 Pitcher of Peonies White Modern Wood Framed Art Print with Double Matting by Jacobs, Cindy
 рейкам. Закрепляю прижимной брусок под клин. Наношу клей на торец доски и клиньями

--

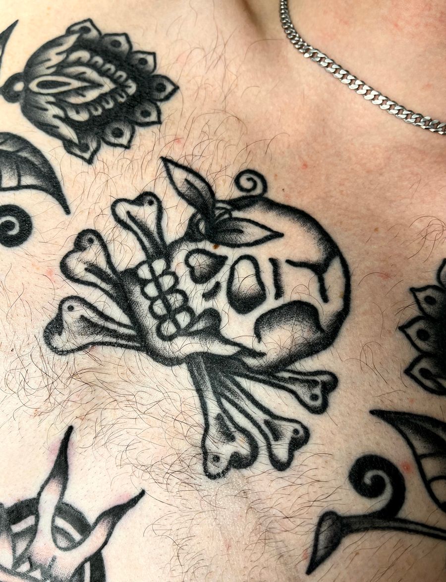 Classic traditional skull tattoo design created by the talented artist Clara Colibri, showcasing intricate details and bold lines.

...

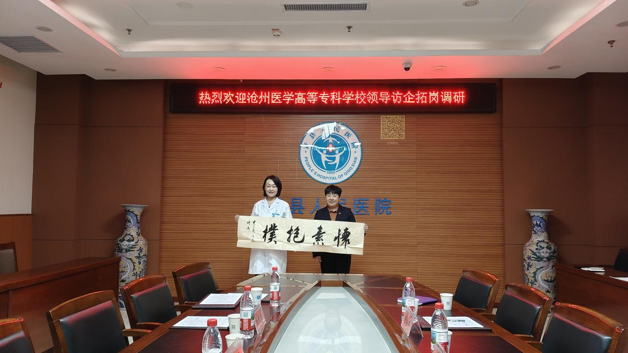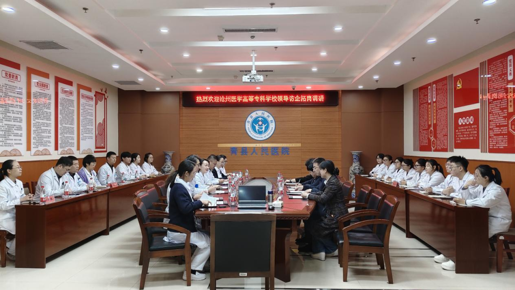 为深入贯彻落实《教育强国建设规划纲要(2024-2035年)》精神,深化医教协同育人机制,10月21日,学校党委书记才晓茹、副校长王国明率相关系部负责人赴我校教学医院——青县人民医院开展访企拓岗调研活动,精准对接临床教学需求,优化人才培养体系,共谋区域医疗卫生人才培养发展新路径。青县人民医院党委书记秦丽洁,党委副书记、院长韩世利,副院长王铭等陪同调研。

• AIM OF THE EXERCISE
As listed above, the lines from the line with "Pitcher of Peonies" to the line with "рейкам. Закрепляю прижимной" are to be echoed exactly, with both ends included and nothing added.

• EXERCISE RESULT
 Pitcher of Peonies White Modern Wood Framed Art Print with Double Matting by Jacobs, Cindy
 рейкам. Закрепляю прижимной брусок под клин. Наношу клей на торец доски и клиньями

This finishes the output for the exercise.